## Working data
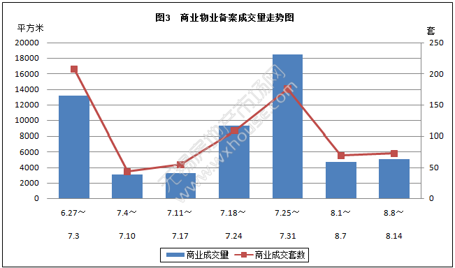 持续的高温天下,昼伏夜出成为无锡的生活常态,这让本就处于淡季的楼市来说更加受伤。本周全市商品房(不含经济适用房和定销商品房)备案成交量为5.83万平米,环比减幅26.29%;备案成交套数533套,环比减少161套,减幅23.20%。周度6万平米以内的成交量在今年以来仅出现过5次,而本周则是其一。在本周商品房备案成交中,愉樾天成以0.29万平米、22套的备案成交量位居住宅备案成交排行榜榜首。商业方面,五洲国际工业博览城以0.11万平米、20套的备案成交量位列榜首。东宝康园则位列办公排行榜榜首,备案成交面积0.15万平米、37套。
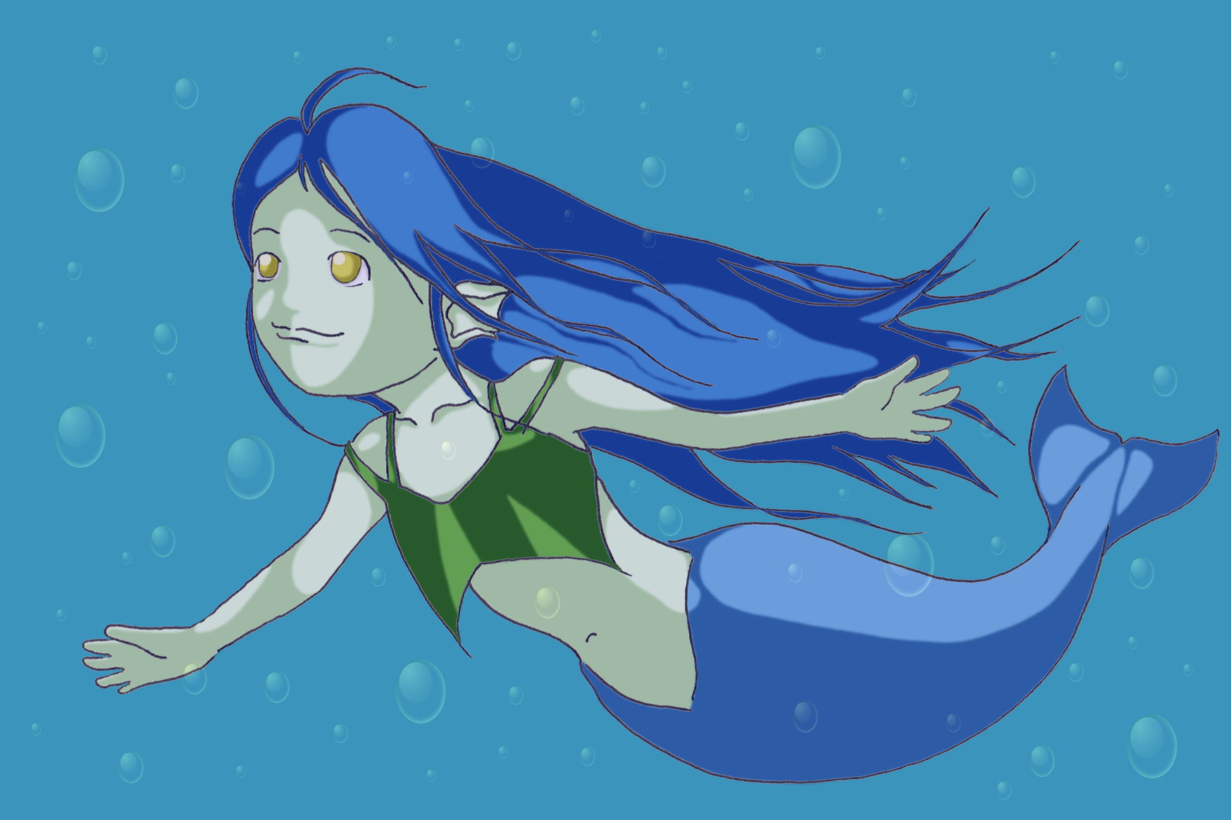 今まで何度も「人魚」を描きましたが、やっとイメージ通りの「人魚」が
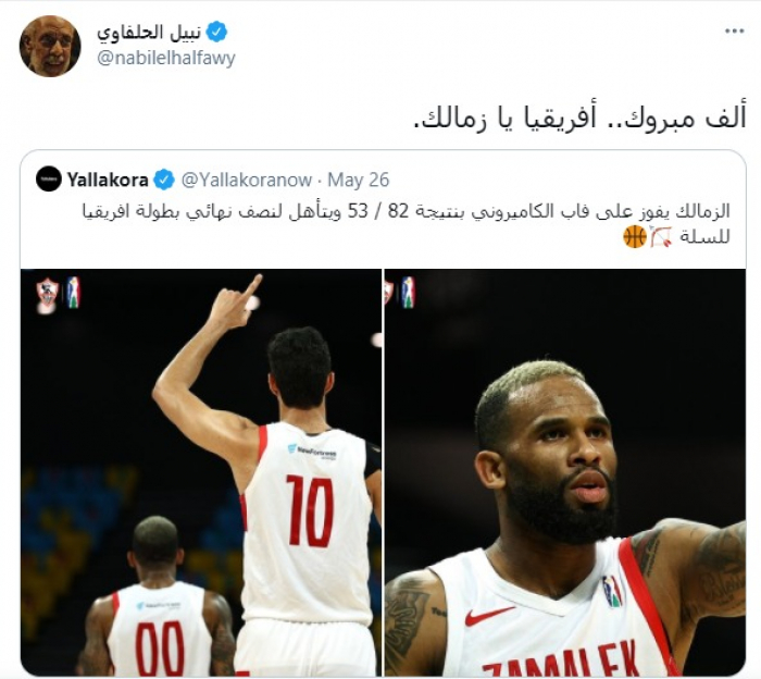 حرص الفنان المصري القدير نبيل الحلفاوي، على تهنئة فريق نادي الزمالك لكرة السلة بعد تأهله لنصف نهائي إفريقيا.
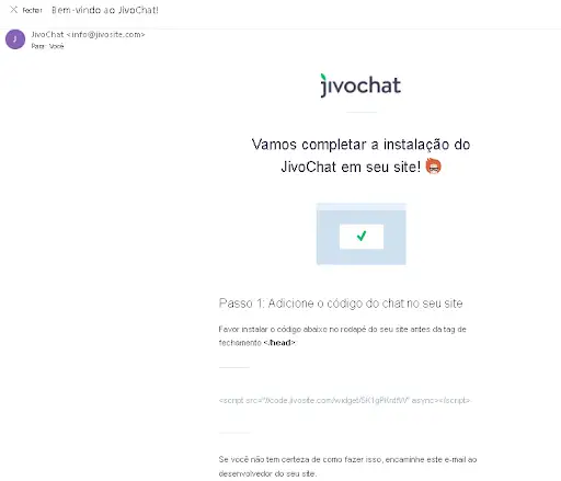 Acesse seu e-mail cadastrado no JivoChat e localize a mensagem enviada com o código html exclusivo de instalação para integrar com sua loja. Caso não localizar, faça o login no painel do JivoChat para encontrar seu código HTML para instalar o chat na sua loja. .Exemplo do e-mail abaixo:
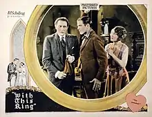 With This Ring is a 1925 American silent drama film directed by Fred Windemere and starring Alyce Mills, Forrest Stanley, and Lou Tellegen.[1] In America it was distributed by the independent outfit Preferred Pictures while its British release was originally to be handled by Vitagraph, before that company was acquired by Warner Bros. who distributed it on the British market in 1926.

## What needs to be done
Exactly the lines from the line containing "Acesse seu e-mail" to the end of the records need to be copied, both ends included, with pictures left out.

## Worked solution
 Acesse seu e-mail cadastrado no JivoChat e localize a mensagem enviada com o código html exclusivo de instalação para integrar com sua loja. Caso não localizar, faça o login no painel do JivoChat para encontrar seu código HTML para instalar o chat na sua loja. .Exemplo do e-mail abaixo:
 With This Ring is a 1925 American silent drama film directed by Fred Windemere and starring Alyce Mills, Forrest Stanley, and Lou Tellegen.[1] In America it was distributed by the independent outfit Preferred Pictures while its British release was originally to be handled by Vitagraph, before that company was acquired by Warner Bros. who distributed it on the British market in 1926.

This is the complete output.